**TASK DESCRIPTION:** In the records below, find the line with "magas műszaki felszereltségre", then retype it and every following line exactly, stopping after the line with "Managing drawings Renaming". Leave the pictures out.

**DATA TO EXAMINE:**

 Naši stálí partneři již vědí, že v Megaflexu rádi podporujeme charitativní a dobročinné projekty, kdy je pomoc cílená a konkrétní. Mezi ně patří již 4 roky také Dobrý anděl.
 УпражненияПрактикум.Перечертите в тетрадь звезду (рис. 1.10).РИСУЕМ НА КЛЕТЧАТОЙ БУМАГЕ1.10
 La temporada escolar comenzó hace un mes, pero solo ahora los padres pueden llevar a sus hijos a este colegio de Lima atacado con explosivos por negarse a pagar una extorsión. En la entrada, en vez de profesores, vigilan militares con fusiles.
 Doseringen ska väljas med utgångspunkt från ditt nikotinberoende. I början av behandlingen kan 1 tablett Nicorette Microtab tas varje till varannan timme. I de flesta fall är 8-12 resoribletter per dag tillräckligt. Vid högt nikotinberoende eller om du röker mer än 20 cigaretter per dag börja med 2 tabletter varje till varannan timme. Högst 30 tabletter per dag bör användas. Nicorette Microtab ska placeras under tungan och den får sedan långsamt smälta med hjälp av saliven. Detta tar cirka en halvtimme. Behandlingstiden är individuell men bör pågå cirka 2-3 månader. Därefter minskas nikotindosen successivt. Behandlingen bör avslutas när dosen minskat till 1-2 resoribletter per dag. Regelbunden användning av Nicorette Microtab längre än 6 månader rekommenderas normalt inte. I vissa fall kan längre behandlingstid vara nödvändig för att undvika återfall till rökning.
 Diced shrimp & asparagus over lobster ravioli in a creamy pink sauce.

* * *

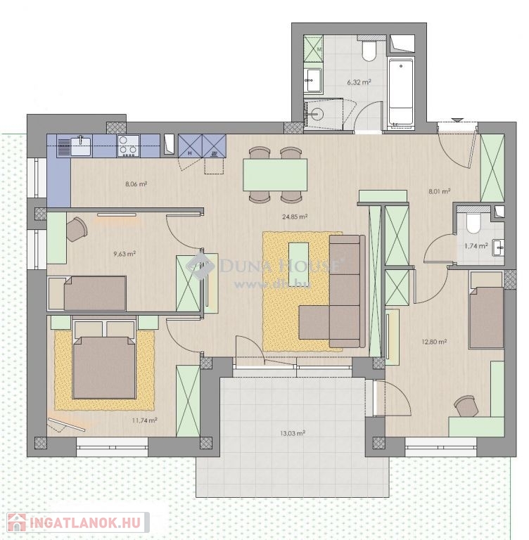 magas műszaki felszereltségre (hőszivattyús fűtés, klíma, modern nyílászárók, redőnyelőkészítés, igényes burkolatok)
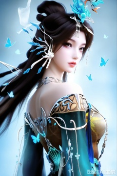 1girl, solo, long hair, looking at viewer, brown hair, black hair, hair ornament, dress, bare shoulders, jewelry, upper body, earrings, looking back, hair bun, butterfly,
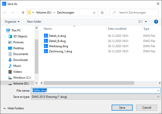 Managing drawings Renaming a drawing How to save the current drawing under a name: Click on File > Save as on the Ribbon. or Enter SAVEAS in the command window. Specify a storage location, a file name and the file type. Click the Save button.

**RESULT BELOW:**
 magas műszaki felszereltségre (hőszivattyús fűtés, klíma, modern nyílászárók, redőnyelőkészítés, igényes burkolatok)
 1girl, solo, long hair, looking at viewer, brown hair, black hair, hair ornament, dress, bare shoulders, jewelry, upper body, earrings, looking back, hair bun, butterfly,
 Managing drawings Renaming a drawing How to save the current drawing under a name: Click on File > Save as on the Ribbon. or Enter SAVEAS in the command window. Specify a storage location, a file name and the file type. Click the Save button.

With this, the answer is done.